Sunday, July 30, 2006
Past Public Opinion
One repeating issue is war. A new analysis of Gallup Poll data indicates that Americans' attitudes toward the Iraq War today parallel Americans' attitudes toward Vietnam in 1970. I wasn't alive in 1970, so I lack much of the relevant cultural knowledge to put this into context, but I thought it was interesting regardless:
The most recent Gallup poll this month found that 52% of adult Americans want to see all U.S. troops out of Iraq within a year, with 19% advocating immediate withdrawal. In the summer of 1970, Gallup found that 48% wanted a pullout within a year, with 23% embracing the "immediate" option. Just 7% want to send more troops now, vs. 10% then.

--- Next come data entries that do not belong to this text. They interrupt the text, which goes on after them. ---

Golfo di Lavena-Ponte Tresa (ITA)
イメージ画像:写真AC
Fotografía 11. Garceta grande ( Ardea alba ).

At present, 56% call the decision to invade Iraq a "mistake," with 41% disagreeing. Again this echoes the view of the Vietnam war in 1970, when that exact same number, 56%, in May 1970 called it a mistake in a Gallup poll.
While the U.S. involvement in the Korean war is often labeled unpopular, the highest number calling it a mistake in a Gallup poll was 51% in early 1952. That number actually declined to 43% by the end of that year.

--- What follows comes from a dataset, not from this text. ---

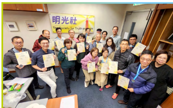
在感恩聚餐期間，跑手們齊齊展示自己的成績證書。
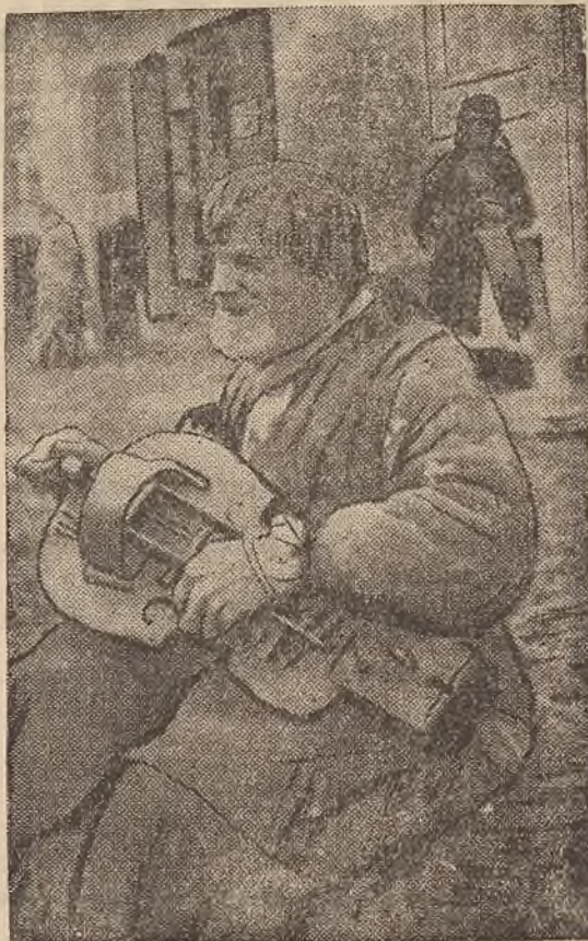
Zdjęcie nasze przedstawia oryginalny typ „lirnika wołyńskiego”. Tacy lirnicy należą już obecnie do rzadkości.

And, in case it is not obvious, support for the Iraq War pales in comparison to support for WWII (data from private polls conducted for FDR, not from Gallup):
(h/t Glenn Greenwald via C&L)Approval for President Roosevelt's conduct of the war continued at around 70% where it had been for years. The number of people who said they had a clear idea of what the war was about was at about the same level and appears to have been rising. Support for a negotiated peace with Hitler remained around the anemic levels it had been for years -- at around 15%.